Mereka adalah santri dan alumni Pondok Pesantren Al Musyawwir, Besuk, Situbondo. Aktivitas yang tampak sederhana itu sesungguhnya sarat makna. Ketua Pengurus Pondok, Muhassoni Al Kamali, menekankan bahwa kegiatan ini lebih dari sekadar tradisi Ramadan.
“Ini praktik nyata ajaran An-nafu lil ghair, menjadi pribadi yang bermanfaat bagi orang lain. Melalui aksi ini, santri dan alumni mengekspresikan kepedulian mereka,” ujarnya.
Bagi Muhammad Khoirul Anwar, Ketua Alumni, momen ini bagai “cara pulang” simbolik. Meski kini mereka berkiprah di berbagai profesi, kembali ke pesantren untuk membagi takjil adalah pengingat semangat pengabdian yang ditanam sejak menuntut ilmu.

“Ini bukan sekadar memberi makanan. Lebih dari itu, kami menjaga silaturahmi, merawat rasa kebersamaan yang tak lekang oleh waktu,” kata Anwar.
Santri aktif, Nurul Frandika, menambahkan, kebahagiaan itu ternyata sederhana. “Senangnya bisa berbagi! Bersama alumni, kami belajar bahwa bahagia itu cukup melihat senyum orang-orang yang menerima takjil dari kami,” ujarnya sambil tersenyum.
Aktivitas dimulai sejak pukul 14.00, dengan konsolidasi dan pengemasan paket di pondok. Setelah briefing singkat dan doa bersama, rombongan bergerak ke titik-titik strategis di jalan utama. Setiap paket dibagikan secara tertib, area pun dibersihkan setelah selesai. Puncaknya, mereka berbuka bersama, mempererat ikatan kekeluargaan antara santri, alumni, dan para asatidz.

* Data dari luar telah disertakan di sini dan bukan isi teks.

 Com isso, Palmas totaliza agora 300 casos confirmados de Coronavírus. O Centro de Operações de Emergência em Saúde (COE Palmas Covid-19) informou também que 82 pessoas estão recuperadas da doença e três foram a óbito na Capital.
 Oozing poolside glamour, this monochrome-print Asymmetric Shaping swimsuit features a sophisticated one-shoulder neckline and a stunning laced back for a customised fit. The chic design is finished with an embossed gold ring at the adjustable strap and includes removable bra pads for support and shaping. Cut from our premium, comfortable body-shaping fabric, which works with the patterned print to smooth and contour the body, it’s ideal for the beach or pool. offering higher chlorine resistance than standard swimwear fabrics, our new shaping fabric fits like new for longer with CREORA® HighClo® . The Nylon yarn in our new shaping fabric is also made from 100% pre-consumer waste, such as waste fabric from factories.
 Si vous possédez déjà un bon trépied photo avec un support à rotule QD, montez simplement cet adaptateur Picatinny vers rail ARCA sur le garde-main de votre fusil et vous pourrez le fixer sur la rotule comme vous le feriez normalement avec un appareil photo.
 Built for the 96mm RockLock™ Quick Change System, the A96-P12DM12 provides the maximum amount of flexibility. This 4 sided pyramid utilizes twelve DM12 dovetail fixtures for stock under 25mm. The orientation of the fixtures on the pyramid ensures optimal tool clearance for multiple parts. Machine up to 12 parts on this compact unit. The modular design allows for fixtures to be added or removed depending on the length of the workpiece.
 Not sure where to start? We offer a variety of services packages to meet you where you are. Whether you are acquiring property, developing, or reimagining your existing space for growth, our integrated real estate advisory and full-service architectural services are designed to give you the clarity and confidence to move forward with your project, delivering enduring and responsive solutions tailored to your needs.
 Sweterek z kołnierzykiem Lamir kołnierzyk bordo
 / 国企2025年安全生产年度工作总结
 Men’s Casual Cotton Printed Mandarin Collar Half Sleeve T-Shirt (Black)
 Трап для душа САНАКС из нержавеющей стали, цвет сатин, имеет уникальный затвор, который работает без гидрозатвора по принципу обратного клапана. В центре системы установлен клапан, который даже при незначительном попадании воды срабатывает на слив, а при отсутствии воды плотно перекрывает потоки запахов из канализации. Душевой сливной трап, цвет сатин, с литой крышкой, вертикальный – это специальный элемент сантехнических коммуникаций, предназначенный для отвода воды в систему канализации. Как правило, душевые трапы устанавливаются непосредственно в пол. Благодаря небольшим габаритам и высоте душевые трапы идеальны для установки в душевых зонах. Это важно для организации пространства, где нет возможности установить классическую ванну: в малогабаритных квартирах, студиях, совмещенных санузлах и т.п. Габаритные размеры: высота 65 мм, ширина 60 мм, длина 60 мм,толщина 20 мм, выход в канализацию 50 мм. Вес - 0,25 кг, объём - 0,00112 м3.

Muhassoni menegaskan, pesantren tidak sekadar menara gading di balik tembok, tetapi juga oase yang menyegarkan di tengah dahaga sosial. “Bagi-bagi takjil ini adalah pesan bisu. Santri hadir untuk merasakan apa yang dirasakan umat, sekaligus memberi apa yang bisa mereka persembahkan,” ujarnya.
Di Jalan Gunung Ijen, senyum penerima takjil menjadi saksi nyata bahwa kepedulian sosial mampu menembus batas generasi, profesi, dan jarak. Bagi santri dan alumni Al Musyawwir, berbagi bukan sekadar ritual, tetapi cara menebar berkah dan menanam empati.